Built from a combination of field recordings, modular synthesis, and hardware-based experimentation, Field Notes explores the relationship between memory and place. Fragments of found sound drift through evolving compositions, where analog circuitry, digital instruments, and Eurorack systems are used less as tools of precision and more as instruments of discovery. 

The album was mixed collaboratively by Dan and Dennis White (Thermal Audio) during the depths of winter, with Dennis adding a subtle layer of additional production throughout and co-writing The Dip. For listeners familiar with Quiet Places on ASIP, Dennis's presence will already be well known; his touch here provides another thread connecting Field Notes to the wider ASIP family.

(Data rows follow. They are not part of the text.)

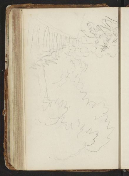 Editor: Here we have Niels Larsen Stevns's "Bølgestudie (?)," made sometime between 1864 and 1941. It’s a pencil and graphite drawing on paper. My first impression is a flurry of energy, a real sense of movement. It reminds me a bit of musical notations. What do you see in this piece? Curator: Ah, yes! Movement, scribbled energy… It’s funny you mention music. I see this less as a direct depiction of waves and more as a record of the *feeling* of waves. Stevns isn't necessarily trying to give us photorealistic waves; instead, it feels like a fleeting, impressionistic response. Do you ever feel like some moments can't be captured in perfect detail, only in the echoes they leave behind? Editor: I think so, that makes sense! So, you’re saying it’s more about the sensation of the waves, rather than the literal waves themselves? It does look like he quickly jotted down some notes... I'm struck by the difference between the wilder, almost chaotic lines at the top compared to the calmer ones below. Curator: Exactly! It makes me wonder about the specific conditions in which he created this. Was the sea particularly rough that day? What was he feeling? Perhaps even thinking? And that contrast you pointed out – it adds depth, doesn’t it? Almost as if the 'wilder' lines are the wind crashing around our ears while the 'calmer' ones evoke the deeper currents and quiet swells underneath. Editor: I didn’t think about it like that, that is a lovely detail. Now, when I look at the 'wilder' lines at the top, it reminds me of birds in flight, perhaps sea gulls? Thank you for pointing it out; it completely reshaped my view of the sketch. Curator: My pleasure! Sometimes art just needs a little nudge to spark a new thought, don't you think?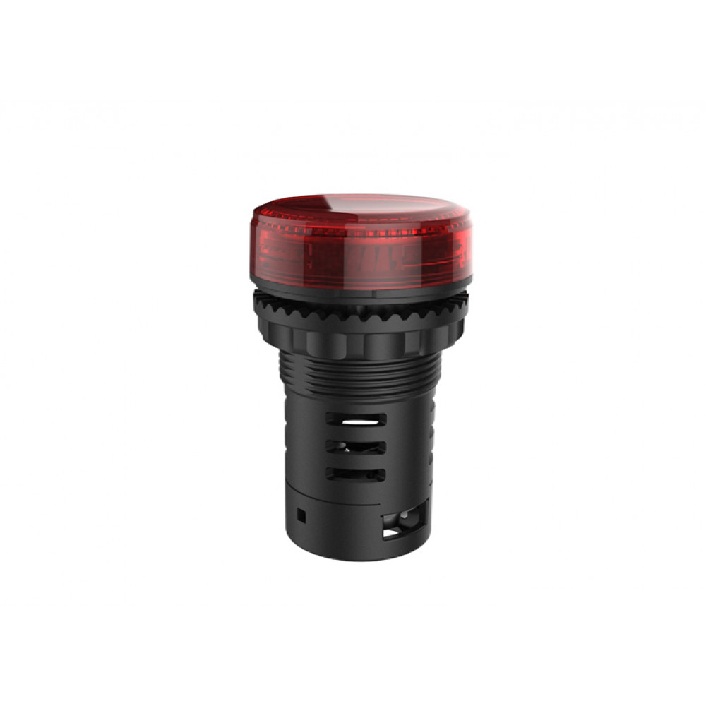 Индикатор, тип F2, LED AC/DC 110V, пластиковое переднее кольцо, диаметр головки индикатора 29,5 мм, диаметр посадочного отверстия: 22 мм, цвет: красный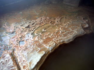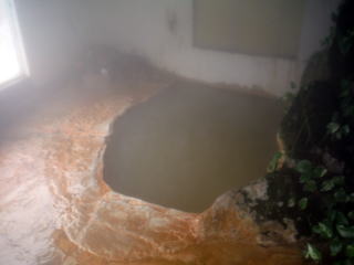 内湯の男湯は3人ほど入れる大きさでかなり深く腰くらいまであります。浴槽の周りはカルシウム泉らしく析出物で覆われ不気味な模様をつくり出しています。味は弱苦味,お湯は黄色く濁っていて鉄分も感じられます。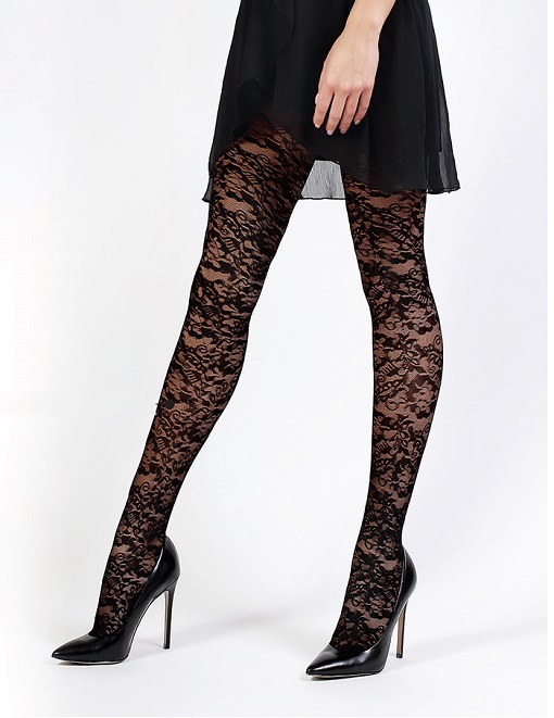 Dámske čierne pančuchové nohavice s krajkovým vzorom. Pančuchy sú vyrobené z príjemného, elastického materiálu, ktorý zaručí, že pančuchy sa krásne prispôsobia vašej postave. Vyrobené z priadze typu elastan, so všitým klínom.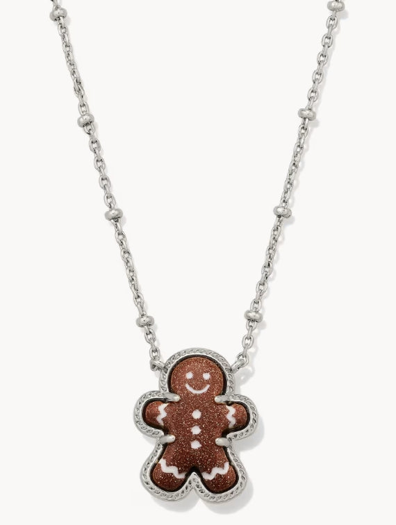 KENDRA SCOTT- Gingerbread Pendant Necklace in Rhodium Brown Goldstone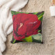 Rode pioenroos bloem met groene bladeren, vierkant kussen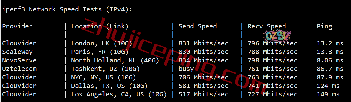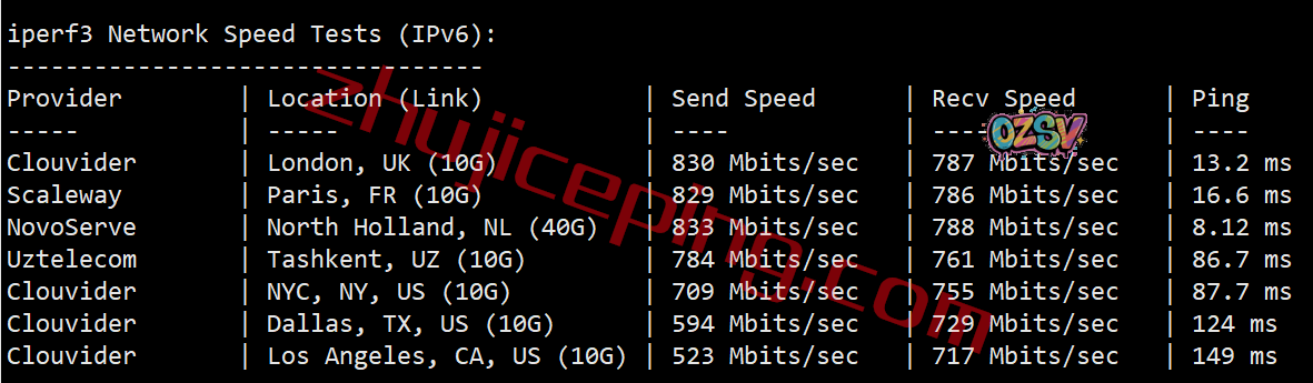 一样的iperf3测试,不过只是当前为IPv6环境: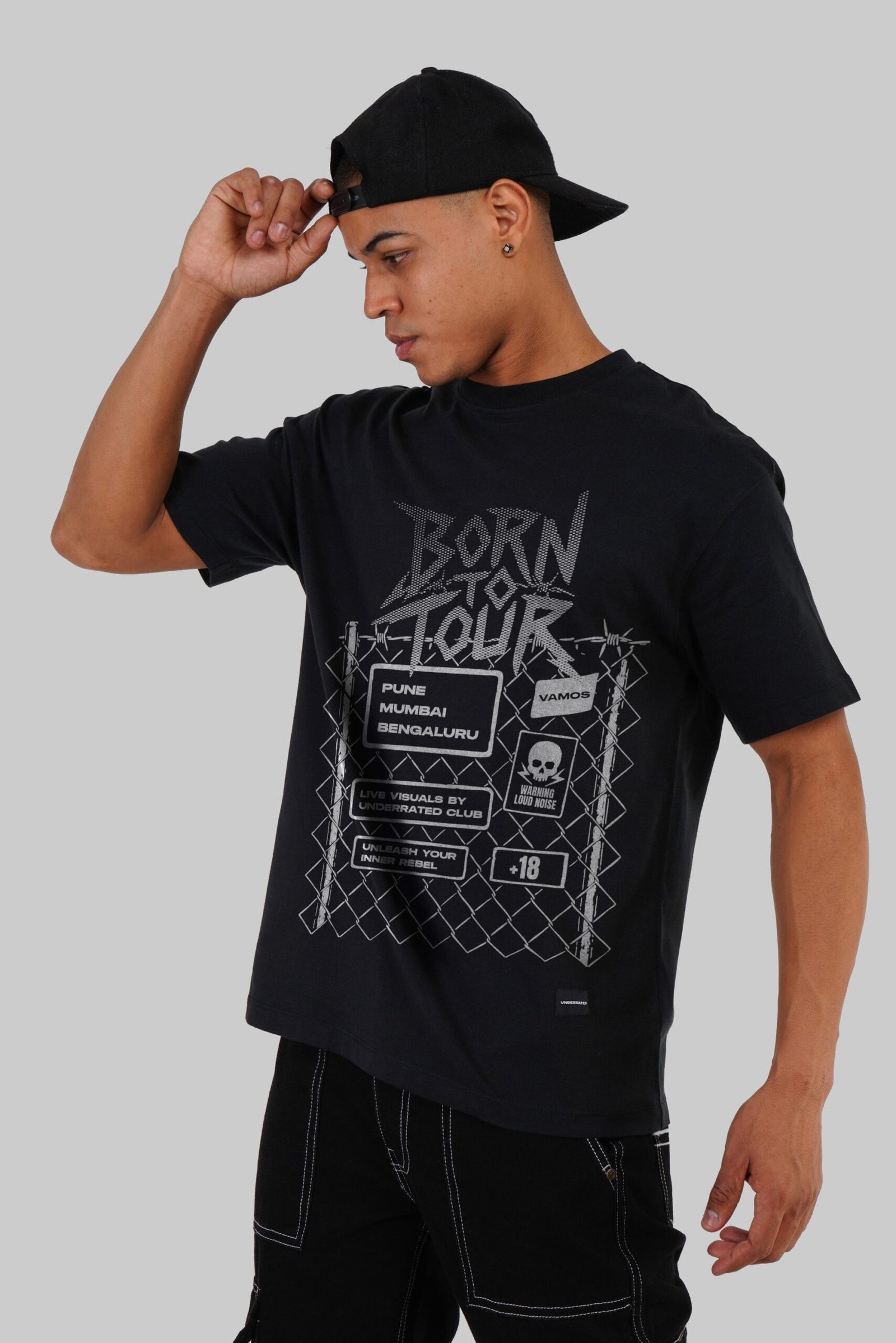 What if your playlist’s appearance resembled that of your t-shirt? Noisy. Uncensored. Almost legendary. This oversized men’s black t-shirt makes a statement rather than a whisper in terms of fashion. The front print is a chaotic map of energy, sound & rebellion, modeled after vintage tour posters and underground concert flyers. Every visual aspect – barbed wire images, 18+ labels & loud noise alerts – strikes like a drumbeat. This oversized black t-shirt, made of fine, soft material that feels like a second skin, was designed for lengthy discussions and lengthy evenings. Its loose fit and dropped shoulders are intended to accompany you from town to town, scene to scene. Do you have any fashion advice? Wear large cargo pants, a crossbody bag & sunglasses with dark rims. You’re wearing a tour date from a life lived out, not simply a tee.

Voices appear briefly and disappear again, landscapes emerge from abstraction, and melodies surface just long enough to leave an impression before dissolving back into texture. Particular thanks go to poet Grayson Wayne, whose words feature within Sea Glass.

Perhaps what makes Field Notes feel especially meaningful is the path it took to arrive here. For a brief period, Dan lived directly beneath label founder Ryan (ASIP) back in England, and while neither could have known where their respective musical journeys would lead, it's hard not to appreciate the small chain of coincidences that eventually brought this release into the world.

Buy on Bandcamp (Limited time Name Your Price until June 26th)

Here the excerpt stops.